With regard to #1, Knime is attempting to position its product as a democratized data science platform to grow market share. Look at the Knime front page. It’s true. I’ll save you the clicks - it says “Data Science”. It’s also a really, really smart thing to do. The TAM for people who use RDKit is miniscule compared to the TAM for data science. If Knime wants to gain market share from Alteryx or Rapid Miner, they will need to be viewed as one of the industry standards in DS. However, Knime will never be industry standard if it does not address #2.

With regard to #2, Knime should NOT be slow by default. It should NOT ask users to download additional packages to speed up execution time. It should NOT assume that users even know that said packages exist or will stumble across them by chance. It should NOT ask or expect them to wrap nodes in components to avoid unnecessary disk writes. You can’t put the responsibility on people evaluating a tool or using it for the first time to know about advanced/optional features hidden away in some download repository they probably don’t even know about. Speed is king, and Knime knows this - that is why they are reengineering the back end for execution time! If Knime engineers are smart enough, and I know they are because I met some of them them, they will figure out a way to either get a sample of intermediate results or allow execution up through a node and execute streaming of appropriately connected streamable nodes at runtime.

I’ll bet you $5 USD that by or in version 5, streaming is turned on by default without having to use components. :stuck_out_tongue:

I would say KNIME simply is much better known in Europe than US/ North America especially so in the “life sciences related” industries (while Alteryx is rather not very well known in Europe)

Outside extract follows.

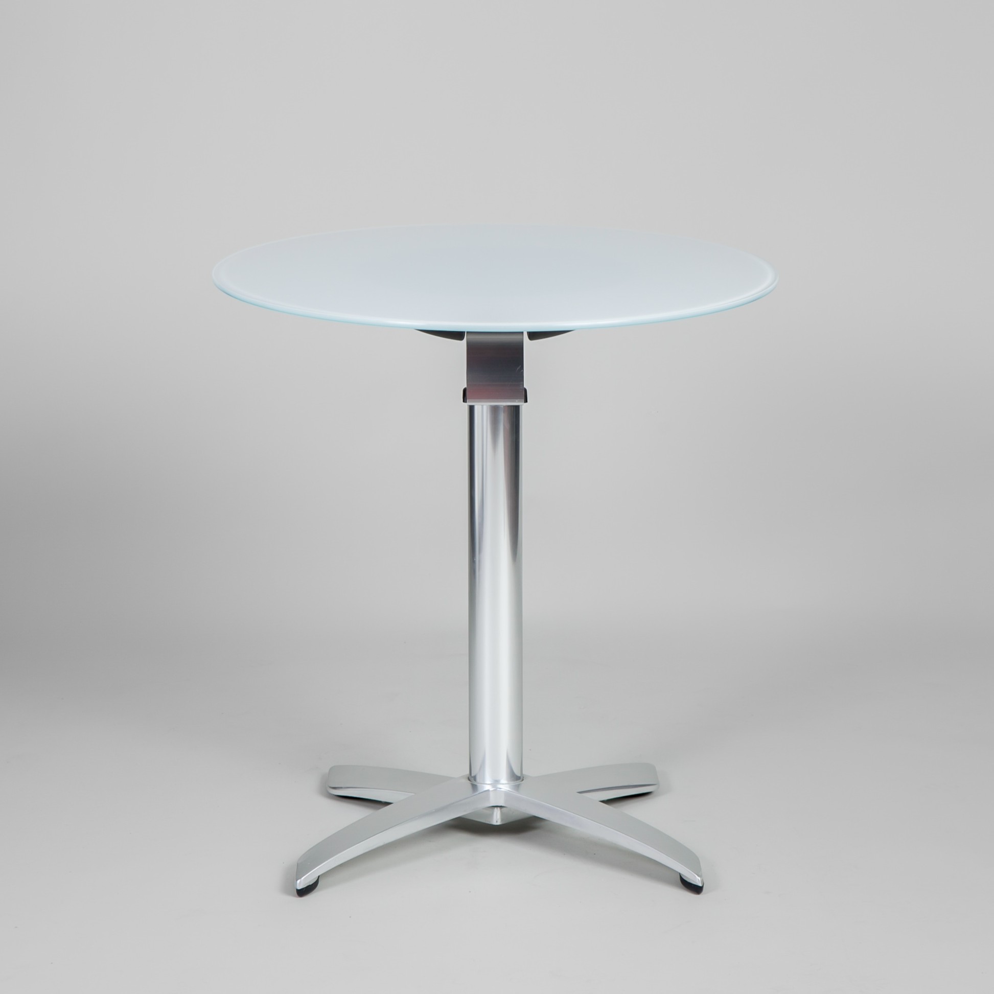 HxØ: 0,73x0,70m; Platte Glas weiß; Fuß Aluminium

Too slow really depends on the use-case and their are many was what too slow means. Development time and cost should also factor in over pure run-time performance. Of course faster runtime is always welcome. For me the main benefit of new table-backend will be the fact of not having to pay a serialization penalty when going to Python or R.

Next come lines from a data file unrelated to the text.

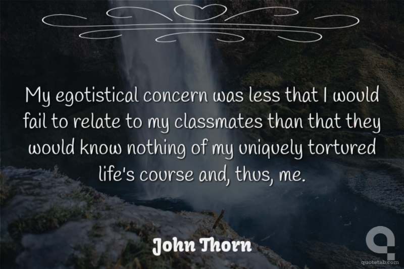 My egotistical concern was less that I would fail to relate to my classmates than that they would know nothing of my uniquely tortured life's course and, thus, me.
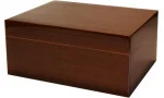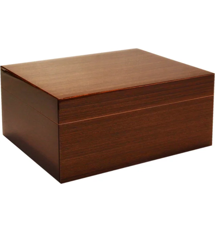 Das glänzende Lack-Finish des Humidors bedeckt ein Furnier aus angenehm, dunklem Wenge, einem superstarken, in Zentralafrika beheimateten Holz. Dieser verführerische Look ist perfekt für Zuhause oder das Büro und bietet bis zu 50 Ihrer Lieblingszigarren eine sichere und stilvolle Unterkunft.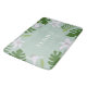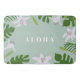 This bath mat features a light green background with a border of lush green tropical leaves and elegant white lily-like flowers. The word "ALOHA" is prominently displayed in white letters in the center, evoking a welcoming, Hawaiian-inspired vibe.

Would be interesting to see your example workflow as pure python. Is it really that much faster than KNIME? Honest question. (You did adjust Xmx setting in knime.ini according to your available RAM or set an appropriate value when using the installer? Again, honest question Can be a problem when “installing” from zip and AFAIK the default is only 512MB)

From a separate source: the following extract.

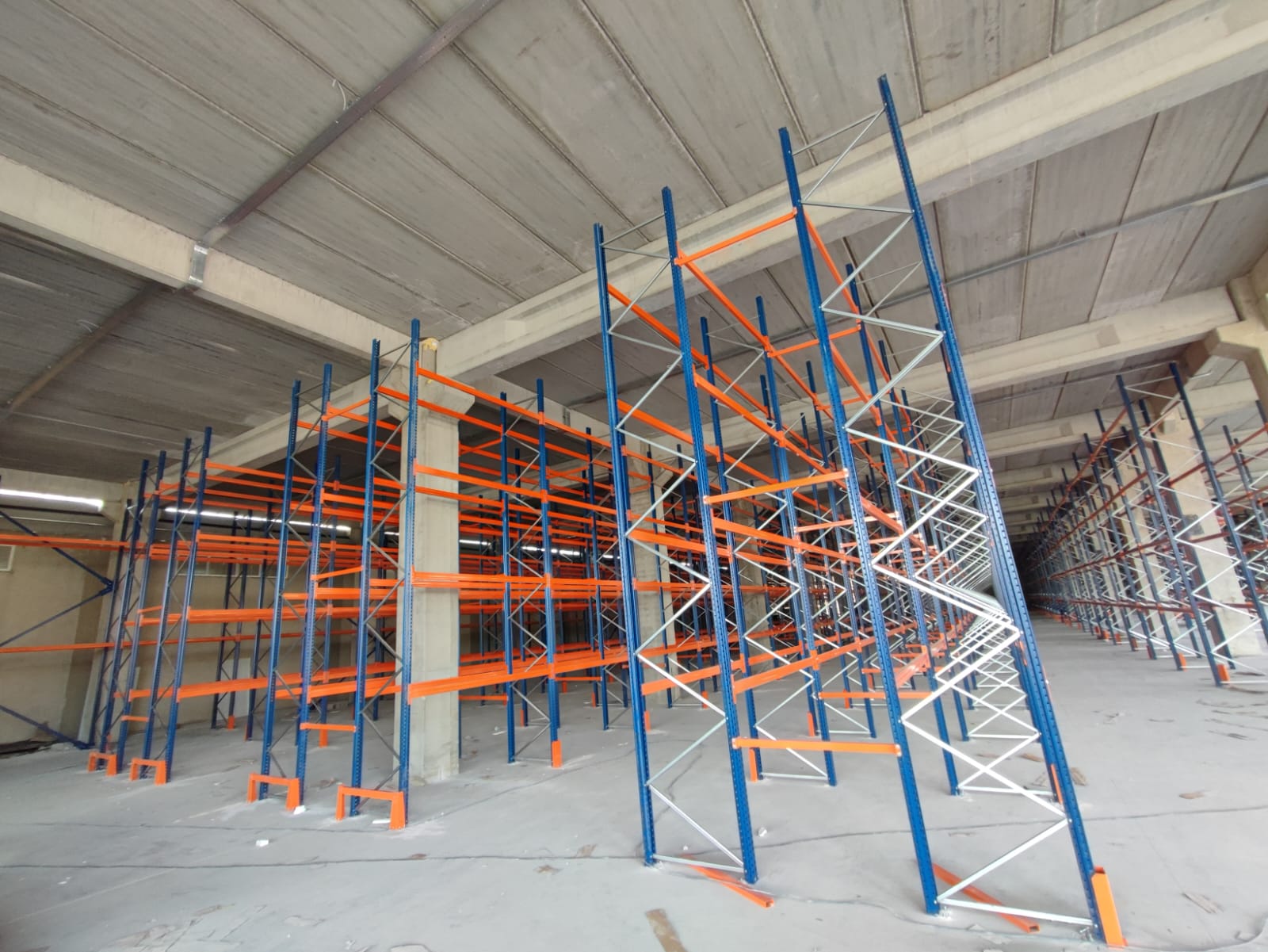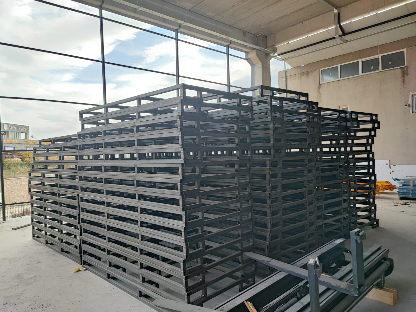 alana 7 metre yükselikğe sahip sırt sırta raf sistemi ve özel üretim metal palet.

Taking your slowness claim for granted, what else does knime bring to the table? It does come with some benefits in terms of memory usage. In pandas everything is in memory always and it isn’t known for being particularity memory efficient. You hit a memory wall pretty quickly which you won’t in KNIME as many nodes internally are streamed as in only a fraction of data is ever in memory at one point. Yes you have other options than pandas but then it gets also more complicated and slower.

The streaming execution is still beta (in KNIME labs) and hence requires explicit installation by the user. I admit it’s been there for a surprisingly long time now and it’s unclear why or if any work is being done on it. So yeah making it production ready and available without package install makes sense. I agree.

Making streaming the default however is only fine if it doesn’t impair development / debugging use. Streaming makes it impossible to see intermediate results and were possible errors or issues occur. For that the step-wise execution is superior. Personally I don’t see a huge issue of having to use a component as explained in previous post. I use them anyway to group nodes together and keep a better overview.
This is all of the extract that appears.